According to the Washington-based public citizen, a public interest advocacy group, the number of maquiladora workers rose 50 percent during the first three years of NAFTA. Most of these workers were employed in one of the six Mexican states that border the United States. because of this industrial build-up along the border dangers from hazardous waste in the region have increased, say environmentalists.

Joe Schultes, an official with the U.S. Environmental Protection Agency, says hazardous waste coming across the border increased 30 percent in 1995 and a total of 279 million tons of was generated that same year -- the last U.S. figures available. Mexican environmental officials at the Instituto Nacional de Ecologia, however, estimate that only about 10.5 million tons of hazardous waste were generated by maquiladoras in 1997 -- up from eight million tons in 1996. Meanwhile, domestic and foreign owned industry in Mexico reported generating only 1.4 million tons of waste.

This lack of accurate information is part of the problem, says environmentalists. "The dearth of information regarding the generation and disposal of hazardous wastes in Mexico is particularly problematic in the border region, where maquiladora industry compliance with hazardous waste reporting laws remains poor," says Reed.

Environmentalists on both sides of the border also warn that when the import duties between the united states and mexico are phased out under NAFTA, current waste disposal practices in Mexico will worsen. Current law under the binational 1983 La Paz agreement mandates that maquiladoras return all hazardous wastes to their country of origin. Early next century, however, NAFTA will nullify this requirement.

The high costs of legally dumping hazardous waste in Mexico's two recognized treatment, storage and disposal facilities combined with the lack of enforcement and monitoring of illegal dumping, also encourages companies to dump illegally, according to a recent study by the Arizona-based national law center for inter-American free trade. As Mexico prepares for changes in the year 2000, more legal treatment and storage facilities are being proposed throughout the border region.

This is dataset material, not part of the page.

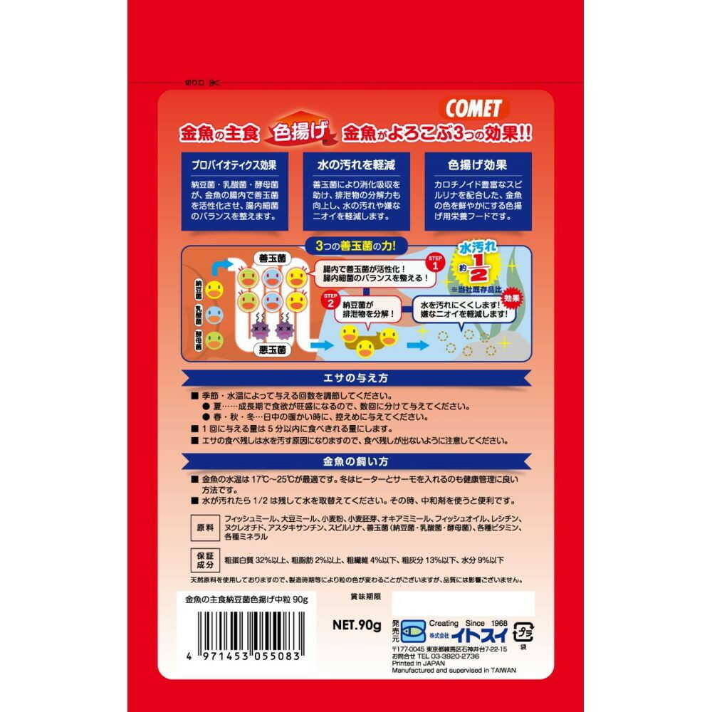 納豆菌、乳酸菌、酵母菌の3つの善玉菌の力で金魚の腸内細菌のバランスを整え、水の汚れや嫌なニオイを減らします。 更に金魚の色を鮮やかにするカロチノイド配合の色揚げ用栄養フード。 中粒タイプ。

In Coahuila, Mexico, a coalition of environmental and human rights groups, known as the Common Front for Environmental Defense, are demanding environmental impact assessments and public disclosure of information on the proposed dumps. "I don't want to see my home turned into a dumping ground for other states and countries," says German Rios Barcelo, a medical doctor involved in Alianza Civica, another group that is fighting a toxic waste dump in Hermosillo, Mexico.